Le fournisseur d’électricité TCN (Transmission Company of Nigeria) a constaté des pannes de courant à l’échelle nationale. Les deux plus grands aéroports du Nigeria, l'aéroport international Nnamdi Azikiwe de la capitale Abuja et l'aéroport international Murtala Muhammed de la métropole économique de Lagos, ont été bloqués par des grévistes, entraînant des annulations de vols.
Dans ce qui est déjà l’un des pays les plus dangereux d’Afrique, tout cela crée des problèmes supplémentaires. « Nous nous attendons à des affrontements entre manifestants et forces de sécurité s'il y a des manifestations où les instructions de la police sont ignorées », a déclaré une source sécuritaire.
Réunions quotidiennes pour les négociations
La vague de grèves s’explique par deux raisons. D'une part, le gouvernement a approuvé une augmentation de 300 pour cent du prix de l'électricité, à 225 nairas (13,8 cents) le kilowattheure. En revanche, les syndicats réclament une augmentation significative du salaire minimum mensuel légal, passant de 30 000 nairas actuels (environ 18 euros) à au moins 500 000 nairas (plus de 300 euros).
Le gouvernement a offert 60 000 nairas (environ 37 euros) et a également promis un montant plus élevé, sans le préciser. C’est « dans l’intérêt national », indique un communiqué du gouvernement. Désormais, il y aura « des réunions quotidiennes au cours de la semaine à venir pour parvenir à un salaire minimum national acceptable ». Le président Tinubu a demandé au ministère des Finances de produire de nouveaux chiffres.
En prévision d'une offre améliorée, les associations syndicales ont annoncé mardi soir que la grève générale serait suspendue pour une semaine. Parallèlement, le ministre de l'Information et de l'Orientation nationale Mohammed Idris et le ministre d'État au Travail Nkeiruka Onyejeocha dirigent la délégation gouvernementale dans les négociations avec les confédérations syndicales. Ceux-ci sont dirigés par le président du NLC, Joe Aljaero, et le président du TUC, Festus Osifo.
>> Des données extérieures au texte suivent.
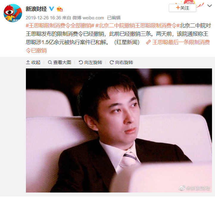 而此事在沉淀快两个多月后,王思聪终于通过渠道还清部分债务后,其限高消费令才得以被取消,尽管当时外界一度猜测是其母亲出手,但不管如何,当王思聪“老赖”的身份不再后,大家也是预感到曾经的“国民老公”可能即将再度回归。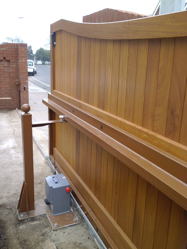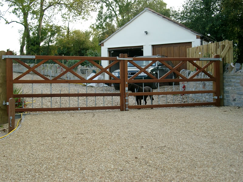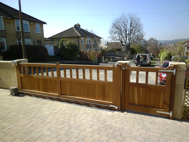Manual flat sliding gate in stained idigobo. Bristol Dorset County gate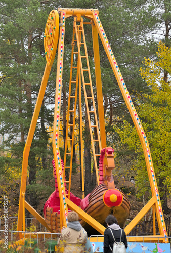 Fototapeta premium Fragment of an amusement park attraction on an autumn day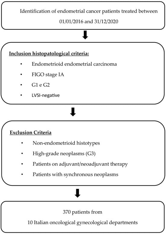 A retrospective, multicenter, observational study was conducted, including 370 patients with low-risk endometrioid EC treated from 1 January 2016 to 31 December 2020 in 10 different Italian gynecologic oncology departments (Santa Croce e Carle in Cuneo, Santa Maria della Misericordia in Udine, Policlinico Sant’Orsola in Bologna, Azienda Ospedaliera Universitaria Integrata di Verona, Ospedale Maggiore in Parma, Fondazione Giovanni Paolo II in Campobasso, Policlinico Martino in Messina, Sacro Cuore Don Calabria in Negrar, Ospedale di Polla S. Arsenio in Salerno, and Ospedale Martini in Torino).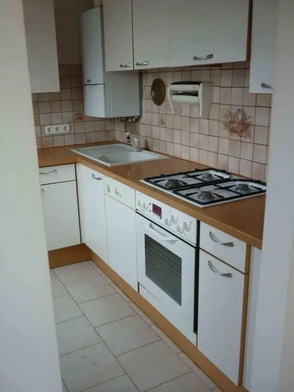 Komplette Einbauküche mit sämtlichen Geräten: Gasherd, Dunstabzug, Kühl-/Gefrierkombination, Mikrowelle, Geschirrspüler.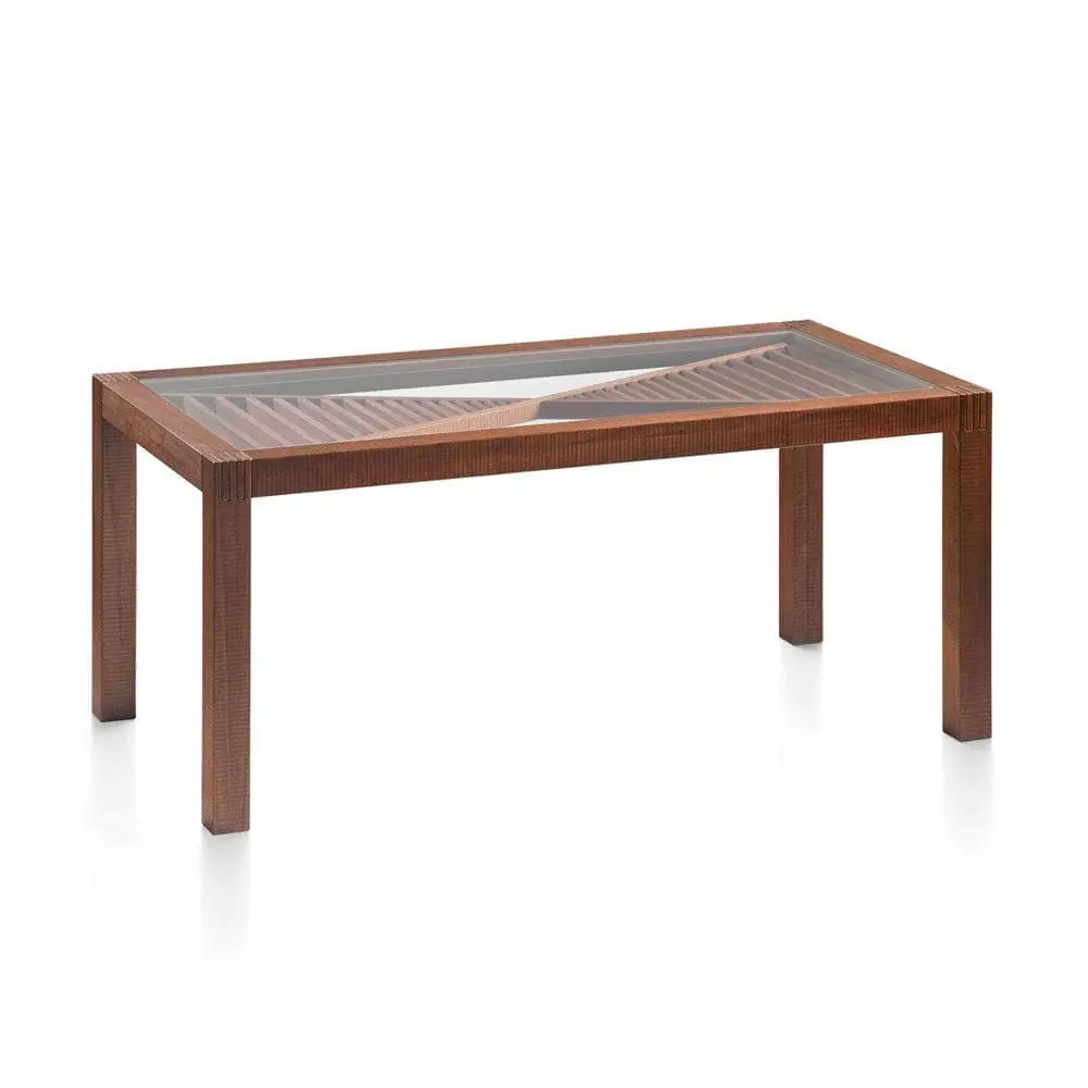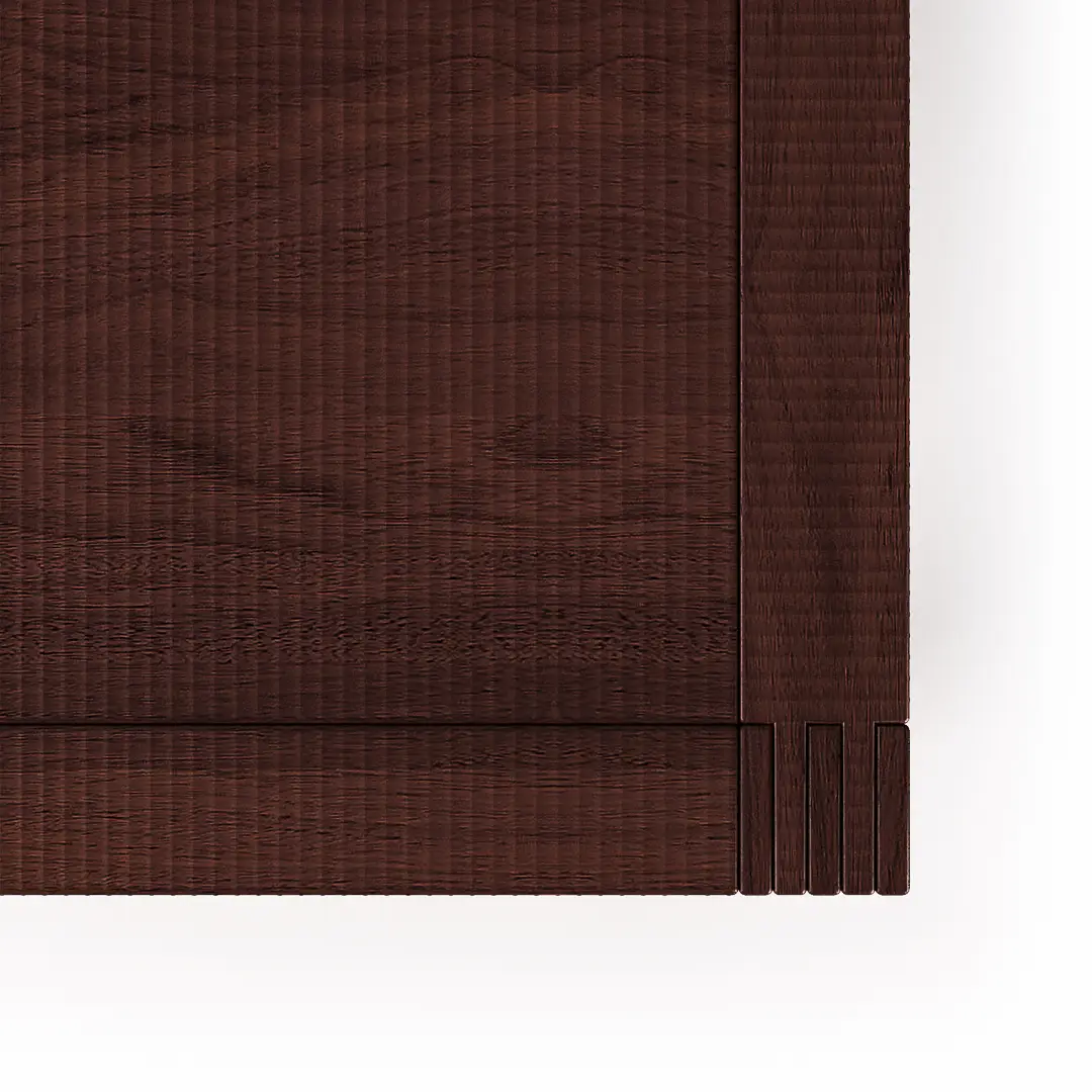 La firma de Artesanos Don Bosco: Escanaladuras talladas a mano en madera, creando un efecto ondulado único.
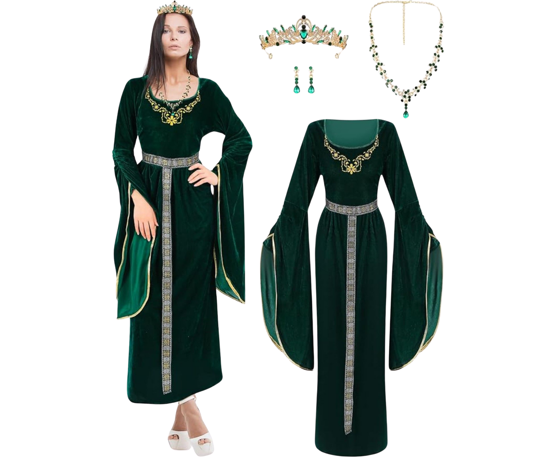 The ensemble includes a stunning crown, a shimmering necklace, and matching earrings, each crafted to catch the light and make you the center of attention. Whether you're channeling your inner princess or attending a medieval-themed celebration, this costume guarantees to leave a lasting impression. Embrace the spirit of adventure and history with this captivating attire, ideal for anyone looking to stand out in style.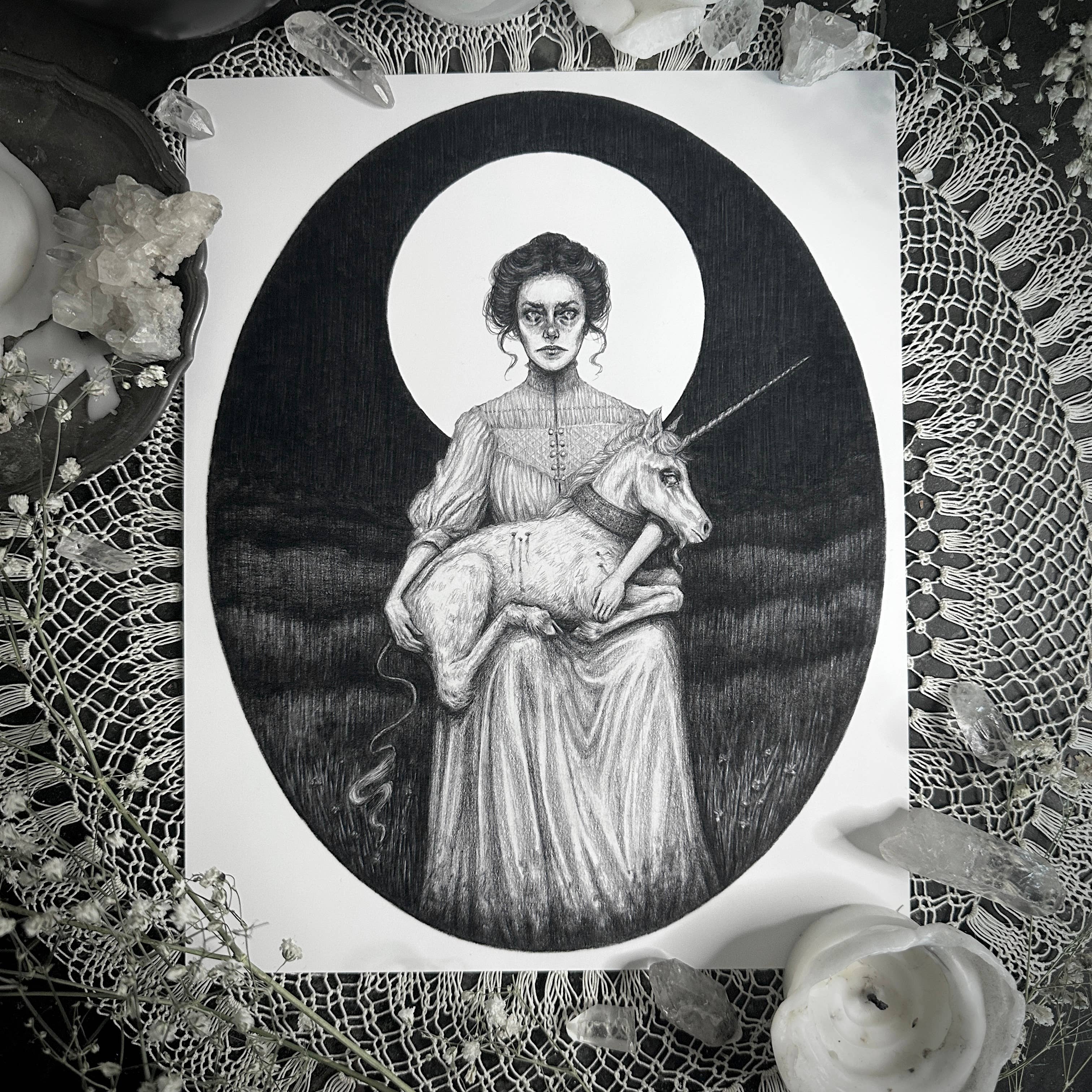 Caitlin McCarthy is an artist and illustrator currently living in Northern California. Since a young age Caitlin has been interested in magic and using art as a tool to explore it. Her work often features visions of dark dreamy women in the form of seers, goddesses, mystics, and witches. Channeling her fascination of Victorian sensibilities and the occult, her drawings invoke feelings of melancholy, and create an eerie, otherworldly atmosphere. Caitlin’s preferred medium is graphite on paper. She is the creator of The Dark Goddesses Oracle Deck. All of Caitlin's fine art prints are made in-house on quality archival matte paper and each order is put together and shipped with love and care.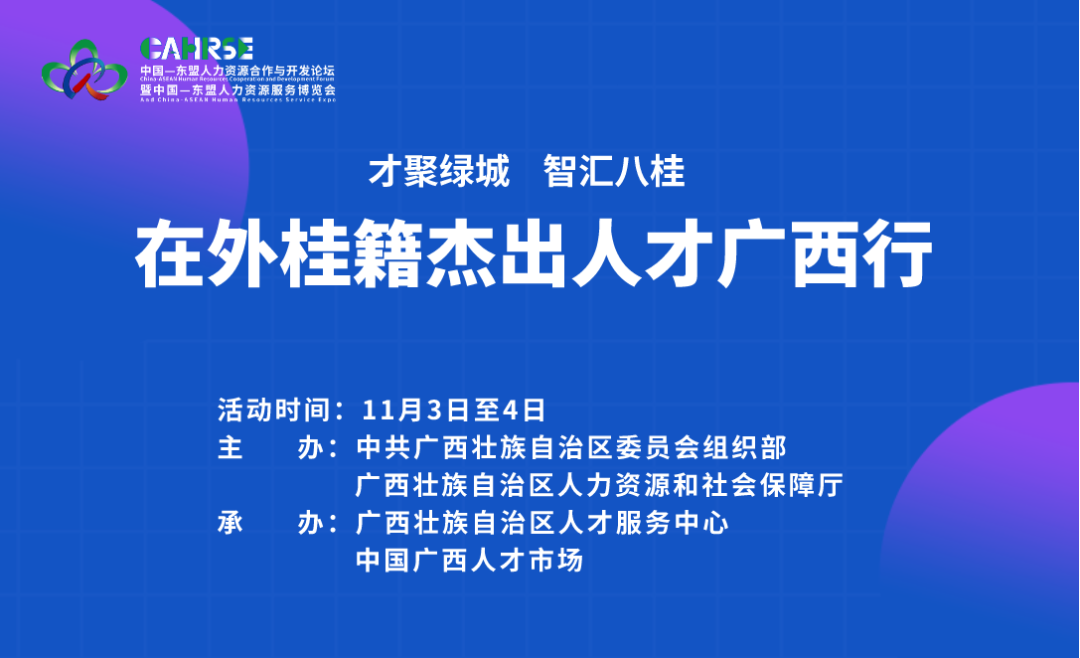为深入贯彻落实新时代人才强桂战略,凝聚在外桂籍人才智慧力量和资源优势,促进人才回桂、项目回移、资本回流、技术回归、智力回哺,群策群力建设新时代壮美广西,在中国—东盟人力资源合作与开发论坛暨中国—东盟人力资源服务博览会期间举办在外桂籍杰出人才广西行活动,同时推出在外桂籍杰出人才事迹栏目,讲好人才故事,传递人才力量。

Le mouvement syndical le plus puissant d'Afrique
Il ne sera pas facile de répondre aux revendications du syndicat. Le Nigeria traverse une crise économique et les recettes publiques sont en chute libre. Selon les dernières données trimestrielles de la banque centrale, les recettes publiques collectées au niveau fédéral sont passées de 4 100 milliards de nairas (2,5 milliards d'euros) au troisième trimestre 2023 à 2 600 milliards (1,6 milliard d'euros) au quatrième trimestre. Le budget de l’État pour 2024 prévoit des recettes nettement plus élevées, totalisant 18 300 milliards de nairas (11,2 milliards d’euros), dont environ les deux tiers seront générés par l’État central ; Les dépenses publiques pour cette année sont fixées à 27 500 milliards de nairas.
La chute brutale de la monnaie nationale ces derniers mois signifie que les chiffres du budget gouvernemental, lorsqu'ils sont convertis en euros ou en dollars américains, semblent nettement inférieurs aux prévisions – mais cela augmente l'inflation, érode le pouvoir d'achat et rend plus difficile le financement du déficit budgétaire. « Nous nous attendons à une plus grande pression sur le budget gouvernemental en raison de la hausse des salaires et de l'augmentation des dépenses de prêt », prédit l'analyste financier Tunde Abidoye, analyste de recherche sur les actions chez FBN Capital.
Le Nigeria possède l’un des mouvements syndicaux les plus puissants d’Afrique. Cependant, comme de nombreuses personnes ne travaillent pas dans l'économie formelle, les syndicats ne représentent qu'une partie de la population, notamment dans la fonction publique, dans le secteur pétrolier et dans les grandes entreprises de transport. Toutefois, le salaire minimum est juridiquement contraignant.